Published on October 31, 2016
More children turn to Czech ombudsman, offices make mistakes
(CTK) – The Office of Czech Ombudsman Anna Sabatova has received 49 complaints from children this year, her assistant Barbora Kubikova told CTK, adding that the number for the full last year was 51 in the country with a population of 10.5 million.
Kubikova said offices' wrongdoing was found in three cases.
The biggest number of applications for help are mainly filed by young people aged 13 to 19, while younger children are no exception.
Sabatova considers these cases priority ones.
Iva Hrazdilkova, spokeswoman for the office, said children seek advice mainly in their relations to their family and the consequences of the disintegration of the family, which is also true of stays in facilities for children.
"A number of children ask for advice in connection with financial problems debts and distraints, which often plague their parents.
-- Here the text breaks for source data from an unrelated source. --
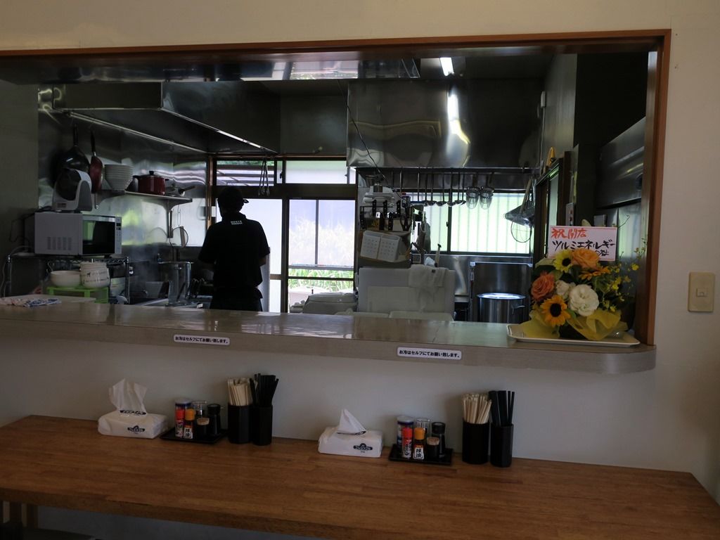 店内は、厨房前にカウンター3席、壁に向けたテーブルが10席(2席・2席・2 席・4席)。小上がりは閉鎖中。後客4と早開け効果で混雑回避。
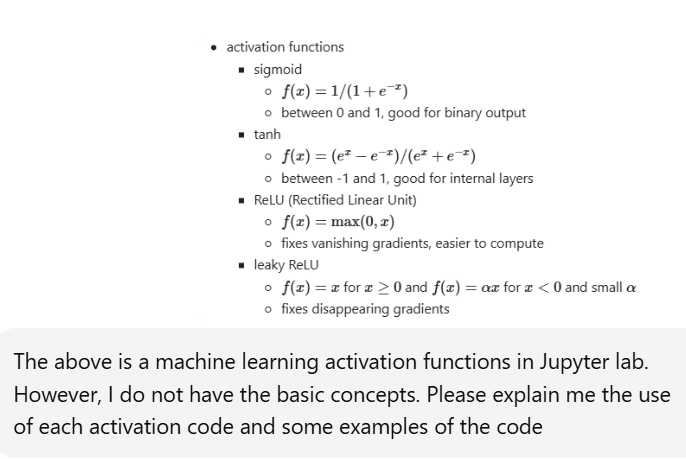 I used Chatgpt to understand the machine learning functions in details. The following are the prompt used for learning.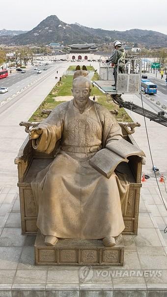 9일 오전 서울 광화문광장에서 세척 작업자들이 저압 세척기를 활용해 세종대왕상의 묵은 때를 벗겨내고 있다. 내년부터 시작되는 새 광화문광장 조성공사에 따라 동상 이전 계획이 검토 중이라 현 위치에서의 세척 작업은 올해가 마지막이 될 수도 있다.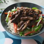 Serving dish mein cooked rice,stir fried vegetables,fried beef strips aur tayyar sauce drizzle ker ka serve karein!
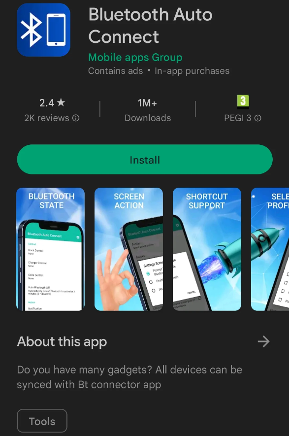 ดูจากชื่อแอปฯ ก็น่าโดนหลอกง่ายอยู่ อย่าง Bluetooth Auto Connect ก็คงเป็นฟังก์ชันที่หลาย ๆ คนต้องการ เอาเป็นว่าจำชื่อแอปฯ กับชื่อผู้พัฒนาเอาไว้ดี ๆ นะ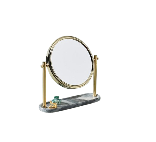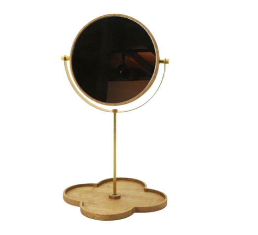 กระจกแต่งหน้าแต่งหน้าแต่งหน้ารูปไข่สุดพิเศษโต๊ะกระจกสีชมพูเคลือบตั้งโต๊ะพร้อมถาดกระจกแต่งหน้าเดสก์ท็อปมีสไตล์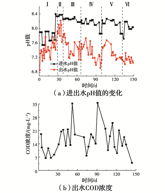 实验测试了反应器进出水pH值和出水COD浓度的变化。图 5(a)表明,每个阶段的出水pH值均低于进水,这主要与硫自养反硝化过程产生H+有关。其中,当填料填充比为1/10、HRT=19.5 h、T=(25±1) ℃时(阶段Ⅰ),出水pH值波动较小,保持在6.8~7.8之间。而增加填料填充比至1/5时(阶段Ⅱ~Ⅲ),出水pH值随着反应的进行呈逐渐下降的趋势,这主要与每个阶段的脱氮效果有关。相比阶段Ⅱ、Ⅲ,阶段Ⅰ的脱氮率较低(图 3),在相同条件下,产生的H+较少,基本上能被进水中的HCO3-中和;相反,当填料填充比提升至1/5后,反应器在单位时间内还原的NO3--N较多,对应产生的H+也较多,换句话说,随着反应的进行,产生H+的能力大于进水碱度中和H+的能力。因此,阶段Ⅱ和Ⅲ出水pH值趋于下降。在随后的HRT调控反应阶段,pH值变化情况与阶段Ⅱ、Ⅲ相似,也呈逐渐降低的趋势。总体来说,出水pH值在6.8~8.3之间,均趋于中性或弱碱性,不会引起出水pH值超标。

The children's applications for help show that children, in spite of their low age, realise the seriousness of the situation and try to help their parents with doing voluntary work," Hrazdilkova said.
Children, whose family has disintegrated and who must undergo interviews and psychological examinations ask the ombudsman "whether this will ever end, whether they can do something, or how courts weigh their wishes," Hrazdilkova said.
She said the Czech Republic does not have a children's ombudsman despite recommendations by the U.N. Committee on the Rights of the Child.